Até o momento de sua chegada, nenhum dos líderes bolcheviques fora capaz de firmar o diagnóstico da Revolução. A direção Kamenev-Stalin era repelida, pela marcha dos acontecimentos, para a direita, em direção aos social-patriotas: entre Lenin e o menchevismo, a Revolução não dava lugar a posições intermediárias. Uma luta interna no Partido Bolchevique era absolutamente inevitável. A chegada de Lenin apenas acelerou o processus. Sua influência pessoal abreviou a crise. Poder-se-á, entretanto, afirmar, com segurança, que o Partido, mesmo sem ele teria achado o caminho? Não ousaríamos afirmar isso em hipótese alguma.

O tempo é, aqui, o fator decisivo, e além do mais, é difícil consultar o relógio da História. Como quer que seja, o materialismo dialético nada tem em comum com o fatalismo. A crise, que a direção oportunista deveria inevitavelmente provocar, teria tomado, sem Lenin, um caráter excepcionalmente agudo e prolongado. Ora, as condições da guerra e da Revolução não davam longo prazo ao Partido, para o desempenho de sua missão. Por conseguinte, não é absolutamente inadmissível pensar que o Partido, desorientado e cindido, teria podido deixar escapar a situação revolucionária durante muitos anos. O papel da individualidade manifesta-se-nos aqui em proporções verdadeiramente gigantescas. É preciso somente dar a esse papel um valor exato, em considerando a individualidade como um elo da cadeia histórica.

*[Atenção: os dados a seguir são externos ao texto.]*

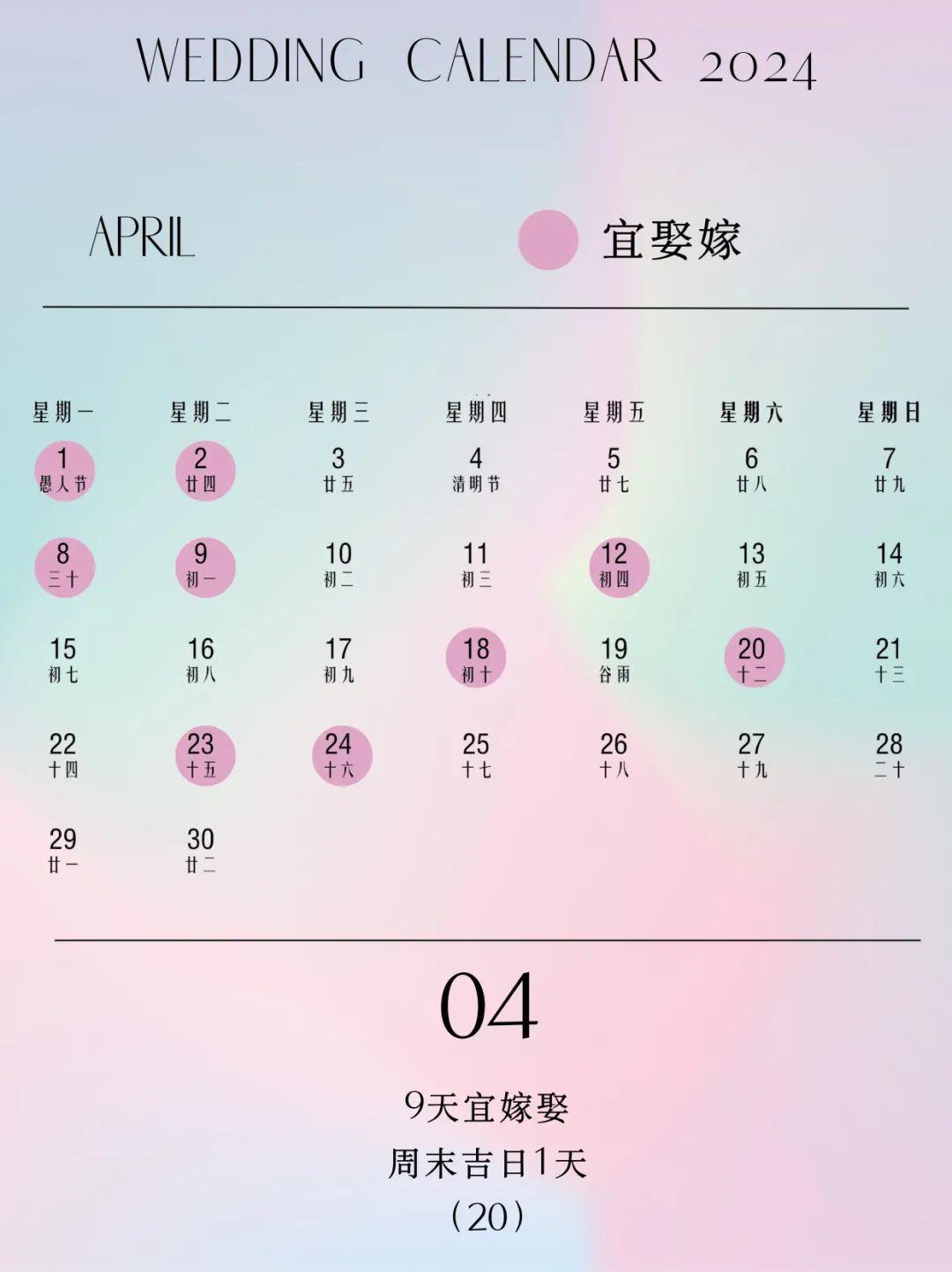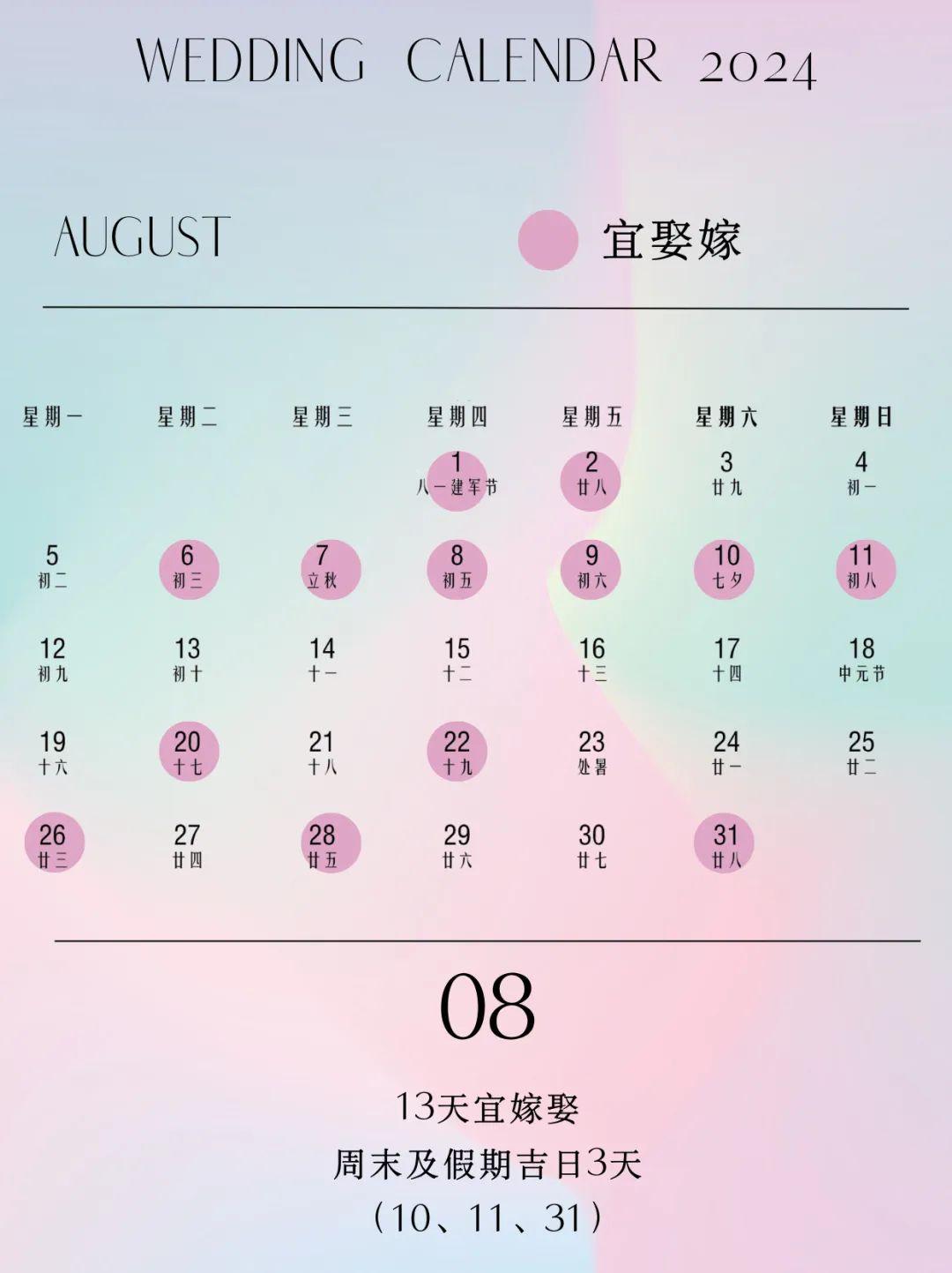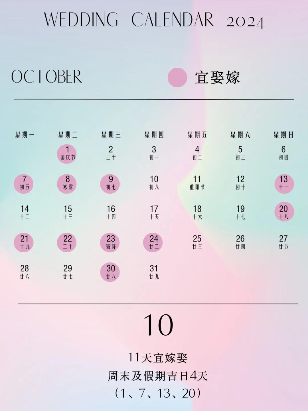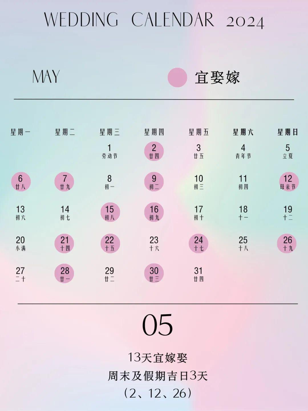2023年即将过去,赶紧来看看《2024年的结婚黄道吉日》,现在开始关注,可以让你的抢到最佳的婚礼档期~
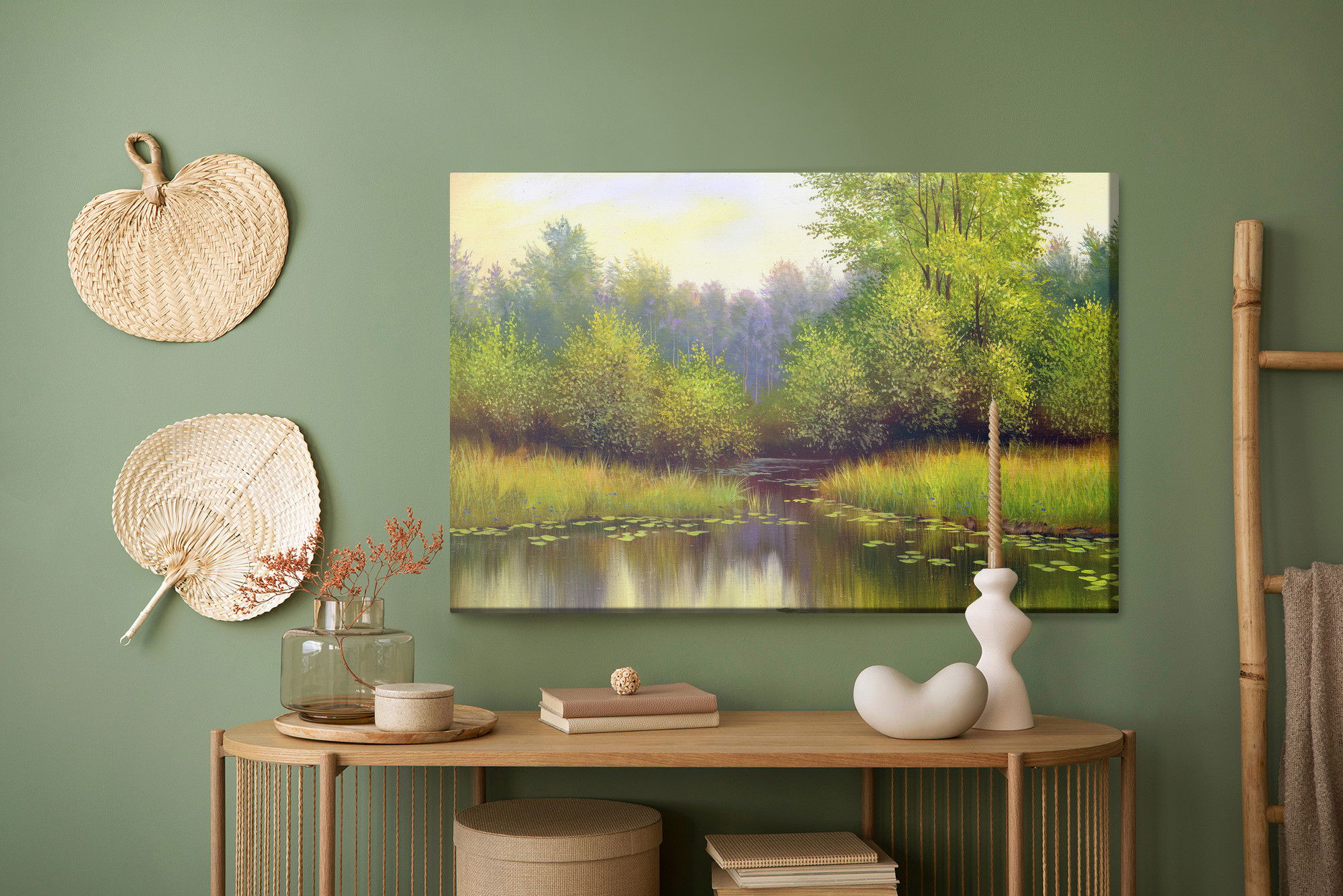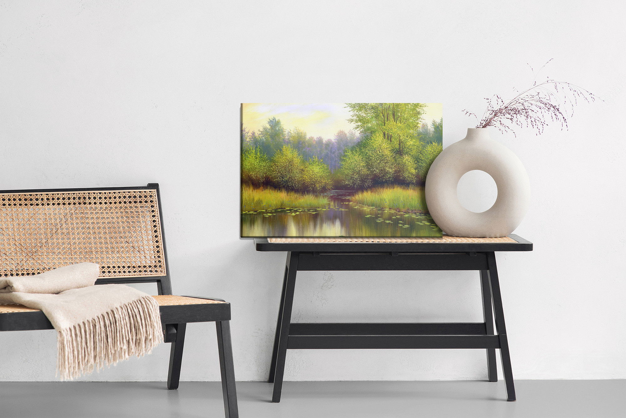 Ljuddämpande tavla – Spring landscape with a lake för lugnare rum och mjukare akustik
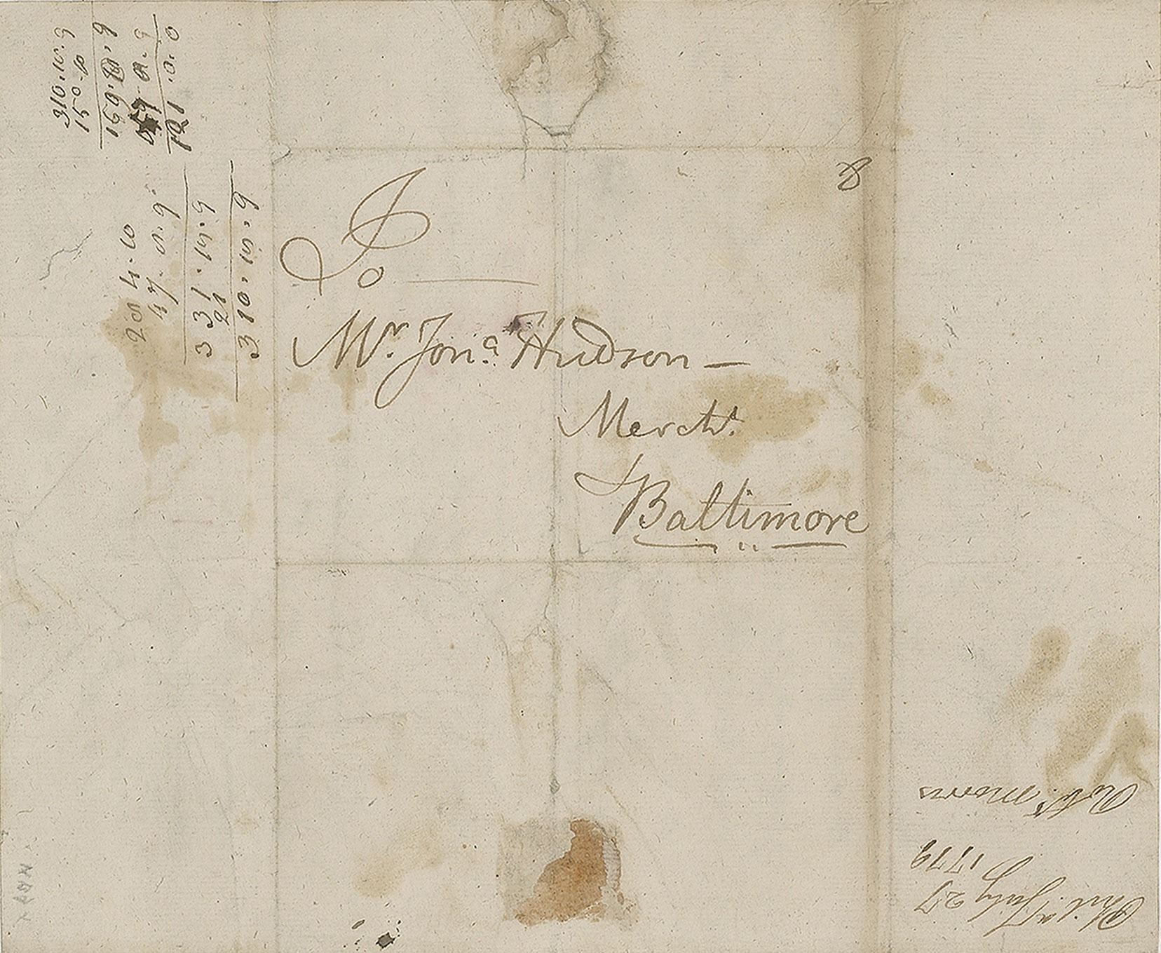 Revolutionary War-dated ALS signed “Rob't Morris,” one page, 7.75 x 9.5, July 27, 1779. Letter to Baltimore merchant Jonathan Hudson, in part: "I think your Brother's Conduct very meritorious & will represent it properly to some of the members of Congress, but cannot promise you in these days how far merit will be noticed or rewarded. I am very sorry to hear of such an amazing price being given Spesutie Island & think both buyers & sellers ought to come under the notice of Committees. If you cannot buy lands as you proposed I don't know but your plan of buying, loading & fitting a couple of very fine Virginia built boats may be eligible and turn to good…but I would advise that they be fine boats and every thing in & about them, if that is done you will succeed." In very good condition, with scattered staining, repairs to the seal-related paper loss to the integral address leaf, complete silking on the reverse, and ink erosion affecting both the text and the signature.
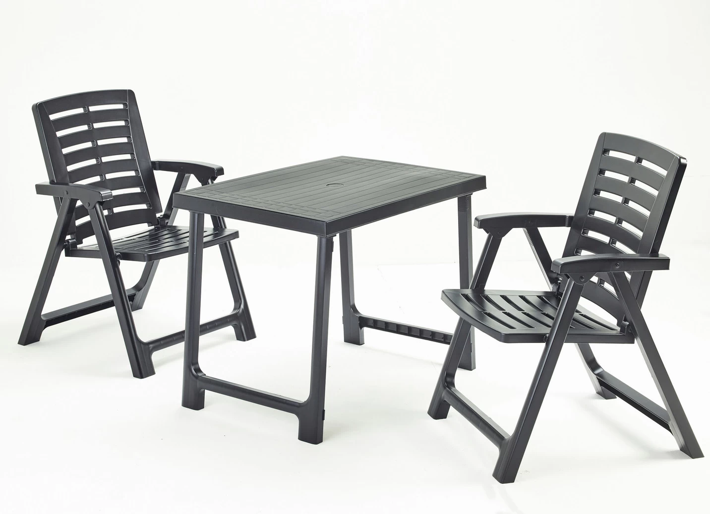 3-teiliges Möbel-Set, bestehend aus 2 Klappsesseln und 1 Tisch. Ideal für Garten, Balkon oder Terrasse. Die Sessel lassen sich platzsparend zusammenklappen und verstauen. Tisch mit Aufbau-Anleitung.
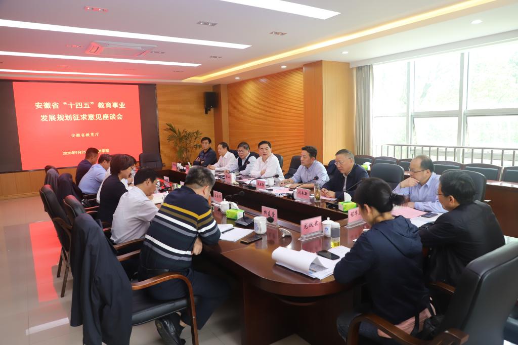 9月25日上午,安徽省“十四五”教育事业发展规划征求意见座谈会在永利官网办公北二楼会议室召开。省政协副主席、安徽省教育厅厅长李和平主持会议并讲话。校党委书记孙晓峰、校长柳友荣参加座谈会并作主题发言。
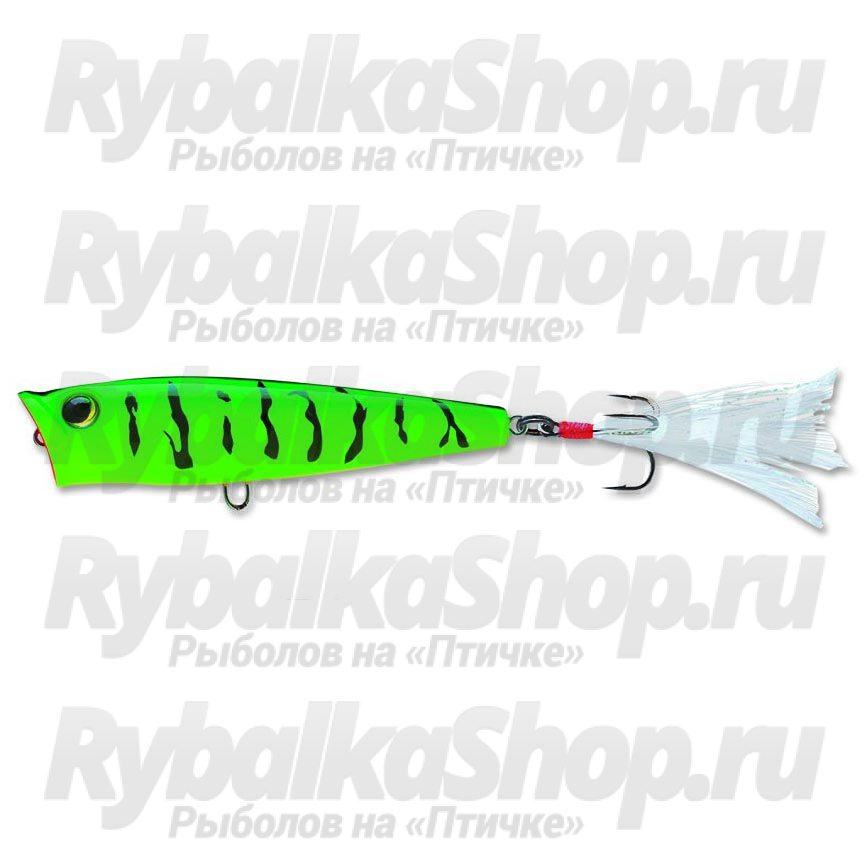 – отличная приманка, с заслуженной репутацией «добычи на расхват». Спроектирована в лучших традициях поверхностной хлюпающей приманки с блестящим хвостовым опереньем и привычной водозаборной ротовой полостью. У приманки голографическое светоотражающее покрытие, переливающееся на солнце разными цветами радуги. Голавль, окунь, жерех, щука – никто не пройдет мимо этого поверхностного баломута. При рывковой проводке само поведение приманки провоцирует на атаку, и даже несмотря на небольшие размеры, своими брызгами и хлюпаньем, воблер способен привлечь не только средних размеров хищника, но и крупную особь.
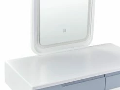 Mit seinem schlichten, minimalistischen Stil passt dieser Schminktisch in jedes moderne Schlafzimmer. Der aus robustem MDF gefertigte und auf Holzbeinen montierte Tisch verfügt über zwei Schubladen mit praktischen Fächern, die Ihnen helfen, Ihre Sachen zu ordnen. Der eingebaute Spiegel verfügt über einen Rahmen mit LED-Leuchten, die über einen Touch-Schalter auf der Glasfläche gesteuert wird. Die Frisierkommode und der Hocker mit Kunstlederbezug bilden ein stilvolles und funktionelles Set.

A chegada “súbita” de Lenin, de regresso do estrangeiro após longa ausência, os clamores exagerados levantados pela imprensa em torno do seu nome, o conflito de Lenin com todos os dirigentes de seu próprio partido e sua rápida vitória sobre os mesmos – em uma palavra, o invólucro exterior dos acontecimentos contribuía bastante, neste caso, para uma avaliação mecânica opondo o indivíduo, o herói, o gênio às condições objetivas, a massa, ao Partido. Em realidade essa antítese apresenta apenas só um lado dos acontecimentos. Lenin era não um elemento fortuito da evolução histórica, porém um produto de todo o passado da história russa. A ela estava preso por profundas raízes. Ao lado de operários avançados participara de todas as lutas durante todo o quarto de século precedente. A “obra do acaso” não foi o fato de ter ele participado dos acontecimentos, porém, ao contrário, o fio de palha com que Lloyd George tentou barrar-lhe o caminho. Lenin não se opunha, de fora, ao partido, mas era, ao contrário, expressão máxima dele. Educando o partido educava-se a si próprio. Seu desacordo com a camada dirigente dos bolcheviques significava a luta do Partido entre o ontem e o amanhã. Se Lenin não tivesse permanecido, aparentemente, distanciado do partido, por motivo da emigração e da guerra, o mecanismo externo de crise não teria sido tão dramático e não teria encoberto a tal ponto a continuidade interna do desenvolvimento do Partido. Da importância excepcional que teve a chegada de Lenin, deduz-se apenas que os líderes não se criam por acaso, que a seleção e a educação deles exigem dezenas de anos, que não se pode suplantá-los arbitrariamente; que, excluindo-os automaticamente da luta, causamos ao Partido uma ferida profunda e que, em certos casos, podemos até paralisá-lo por longo tempo.”

*Texto retirado da Revista A Verdade nº 56/57 de dezembro de 2007, edição especial dos 90 anos da Revolução Russa. Lá foi usado como base o História da Revolução Russa, vol 1, editora Paz e Terra, pagina 282-283 com tradução de E. Huggins. Aqui usamos a edição do Senado Federal de mesma tradução.